### [Your assignment]
Go through the listing below, and from the line containing "Step 3: Now, all" through its last line, transcribe every line exactly, skipping pictures.

#### The data ####

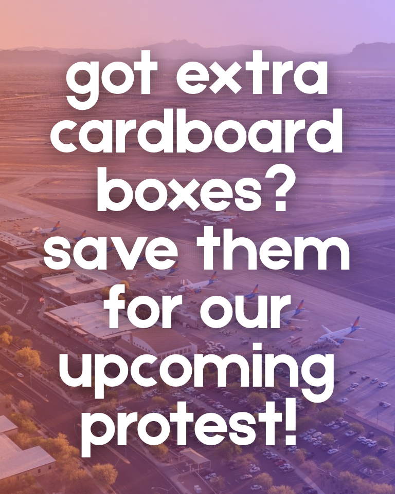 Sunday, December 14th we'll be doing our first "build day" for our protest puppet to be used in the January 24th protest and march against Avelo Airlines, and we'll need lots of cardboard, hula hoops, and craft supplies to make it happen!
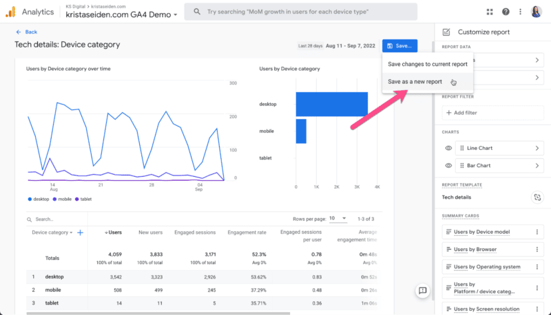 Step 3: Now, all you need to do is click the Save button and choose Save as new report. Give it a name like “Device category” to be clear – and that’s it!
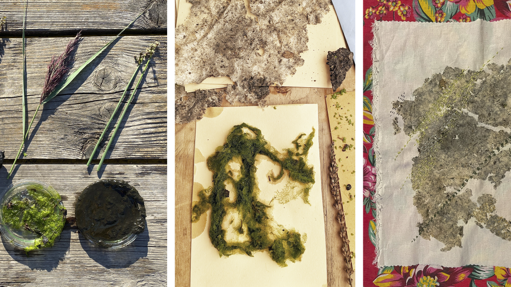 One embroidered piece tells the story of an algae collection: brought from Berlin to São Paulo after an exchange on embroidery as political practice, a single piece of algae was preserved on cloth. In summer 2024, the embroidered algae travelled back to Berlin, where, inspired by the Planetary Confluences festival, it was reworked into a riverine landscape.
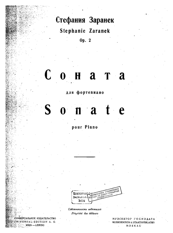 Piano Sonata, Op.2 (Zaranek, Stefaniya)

####

### [Your response]
 Step 3: Now, all you need to do is click the Save button and choose Save as new report. Give it a name like “Device category” to be clear – and that’s it!
 One embroidered piece tells the story of an algae collection: brought from Berlin to São Paulo after an exchange on embroidery as political practice, a single piece of algae was preserved on cloth. In summer 2024, the embroidered algae travelled back to Berlin, where, inspired by the Planetary Confluences festival, it was reworked into a riverine landscape.
 Piano Sonata, Op.2 (Zaranek, Stefaniya)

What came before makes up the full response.